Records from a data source
>>>

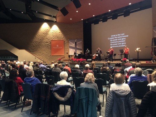 Ample seating is available in the Auditorium. You can sit in the main seating area or up in the balcony. Space is available for those in wheelchairs. If you would like to move chairs around to accommodate your situation, please feel free to do so.
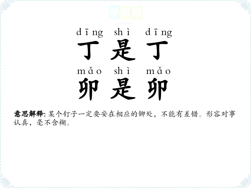 | 丁是丁,卯是卯 | 某个钉子一定要安在相应的铆处,不能有差错。形容对事认真,毫不含糊。 |
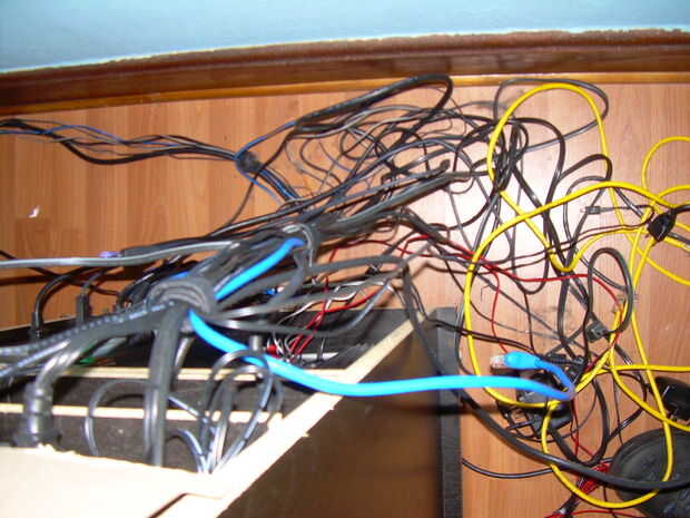 cada escritorio en mi oficina tiene un mínimo de 3 monitores un teclado y un ratón. Cada monitor tiene 2 cables a él (uno por uno de potencia de señal) y la mayoría de nosotros que lo chicos también tienen muchos cables usb funcionando todo tan bien.
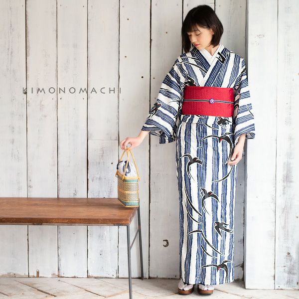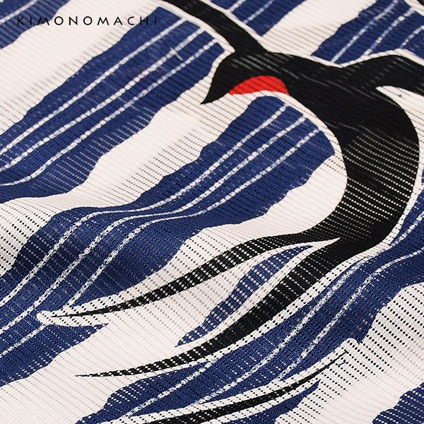 【色柄】白地に、紺色の縞と燕(つばめ)
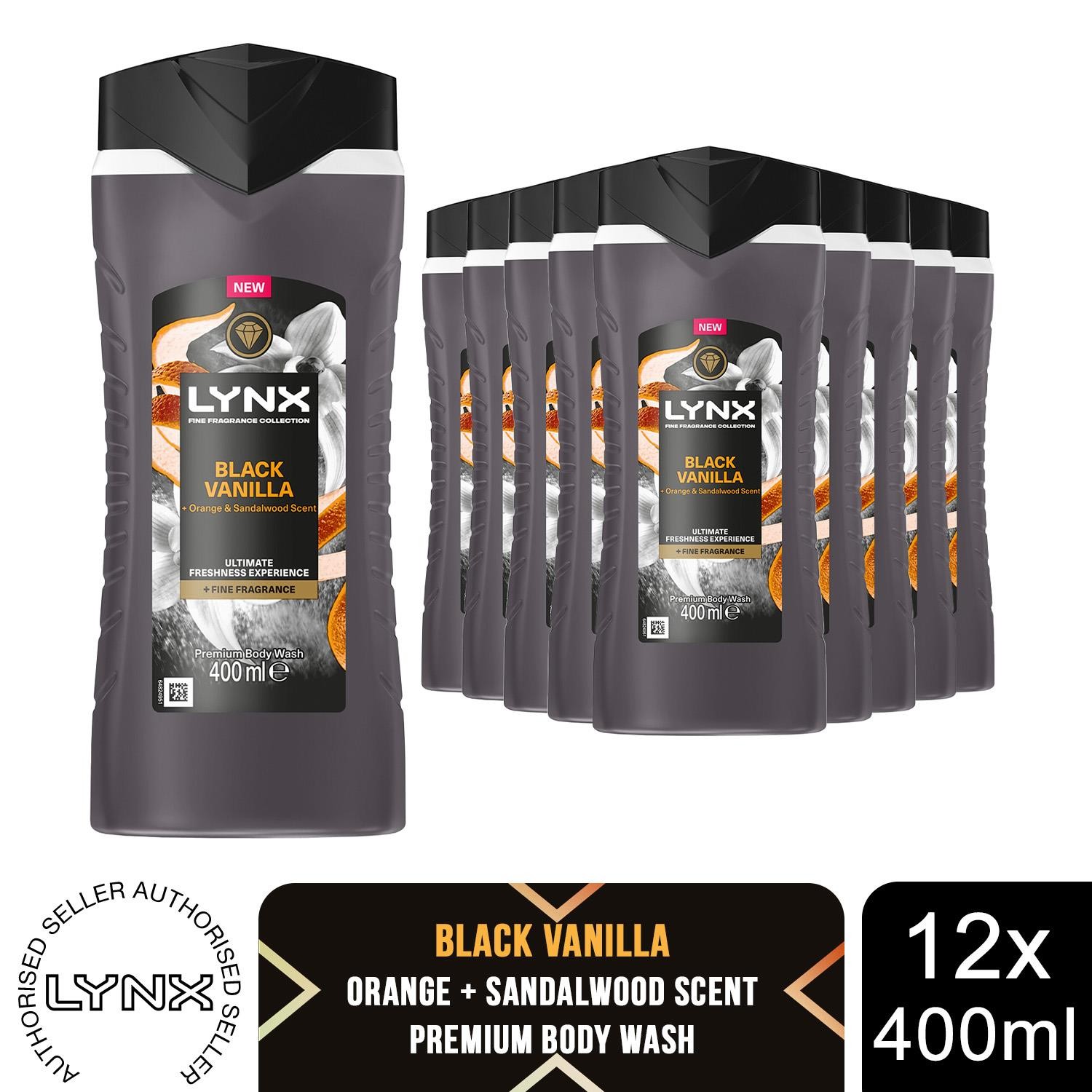 Lynx Black Vanilla Body Wash with 12Hrs of Freshness for Men 400ml, 12 Pack
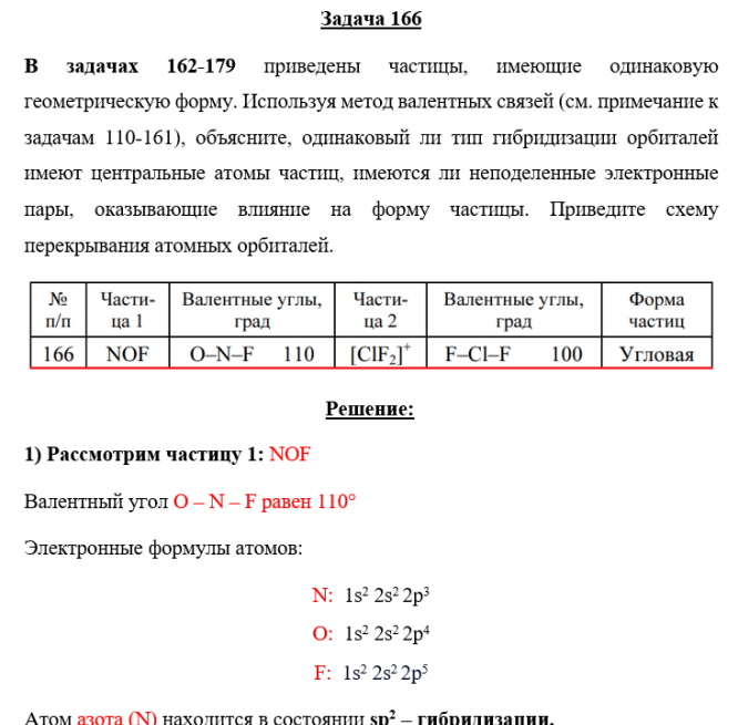 Задача 166 - приведены частицы, имеющие одинаковую геометрическую форму. Используя метод валентных связей (см. примечание к задачам 110-161), объясните, одинаковый ли тип гибридизации орбиталей имеют центральные атомы частиц, имеются ли неподеленные

<<<

_PROBLEM TO SOLVE_
Could you repeat, exactly, only the lines above starting at the one that has "丁是丁,卯是卯 | 某个钉子一定要安在相应的铆处,不能有差错。形容对事认真,毫不含糊。 |" and stopping after the one that has "Lynx Black Vanilla", without the pictures?

_EXERCISE RESPONSE_
 | 丁是丁,卯是卯 | 某个钉子一定要安在相应的铆处,不能有差错。形容对事认真,毫不含糊。 |
 cada escritorio en mi oficina tiene un mínimo de 3 monitores un teclado y un ratón. Cada monitor tiene 2 cables a él (uno por uno de potencia de señal) y la mayoría de nosotros que lo chicos también tienen muchos cables usb funcionando todo tan bien.
 【色柄】白地に、紺色の縞と燕(つばめ)
 Lynx Black Vanilla Body Wash with 12Hrs of Freshness for Men 400ml, 12 Pack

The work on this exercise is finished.